# Question about JCK CarboNext fit & finish



## David MacNutt (Dec 28, 2018)

Hello all,

I just received my new 270mm CarboNext gyuto, which is the first Japanese knife in my small collection.

First impressions of the blade were very positive, but when I inspected the handle I noticed some pretty obvious issues with the shaping at the bottom.

Since is my first purchase from JCK and my experience with these knives, my question to you is... is this normal/acceptable for a $150 knife?

I've read some less than favorable things about the CN's F&F, but I don't know what qualifies as tolerable, especially since these particular defects are minor aesthetic details and don't affect the knife's function.

Here are some photos for reference:







I'd appreciate any comments/thoughts on this. Want to get off on the right foot with J-Knives and have realistic expectations for this and any future knives.


----------



## brianshaw (Dec 18, 2010)

While that wouldn’t thrill me, either... how’s the quality of the blade?
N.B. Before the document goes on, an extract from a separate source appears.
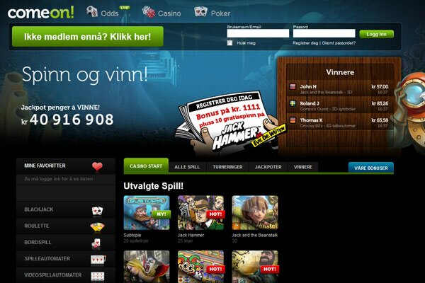 Bonuser og kampanjer Comeon casino velkomstbonus er 100 % opptil 1000 kr og må omsettes 30 ganger sammen med innskuddet ditt. Det vil si at om du setter inn 1000 kr og mottar bonus på 1000 kr, blir regnestykket slik: 30x(1000+1000)=6000 kr før du kan ta ut gevinsten fra bonusen i kontanter. Ønsker du å ta ut penger før det, mister du resten av bonusen din. Men hos ComeOn! kan du satse ekte penger og bonusen samtidig, og på denne måten sikre at bonusen ikke går tapt, omsettes raskere og gevinsten kan bli større. I tillegg får du 10 gratisspinn på videoautomaten Jack Hammer når du melder deg inn. ComeOn-poeng er noe du mottar uansett hva du gjør inne på Comeon. Når du logger inn mottar du poeng, når du registrerer mobilnummer, gjør et innskudd med mer. Disse poengene kan du bruke i comeon-butikken. Der kan du hente gratispenger, lotterier og innskuddsbonuser. Det er gratis å delta i turneringer, og turneringer arrangerer comeon hver eneste dag. Kom deg på ledertavlen og vinn kontanter.

In terms of acceptability, that’s a rather personal decision. I might not be so upset about that if I knew there were fit/finish issues that were likely.


----------



## rick alan (Nov 15, 2012)

These knives are finished by hand, not robot, and most people would not ever even notice such a slight variation. Even some $3-400+ dollar knives will have noticeable blade-grind issues, that don't effect performance. Terihasu Fujiwara ($400+) are even known for overgrinds, which do effect performance, but they are an exception and folks still buy up every knife because they like the HT so much. Biggest legit complaint about the CN is the sub-par blade grind, relatively thick edge and fairly flat sides for a Japanese knife.


----------



## benuser (Nov 18, 2010)

Those handle issues are relatively minor, and can easily be addressed with some medium sandpaper. Not that uncommon in this price range — and far beyond.


----------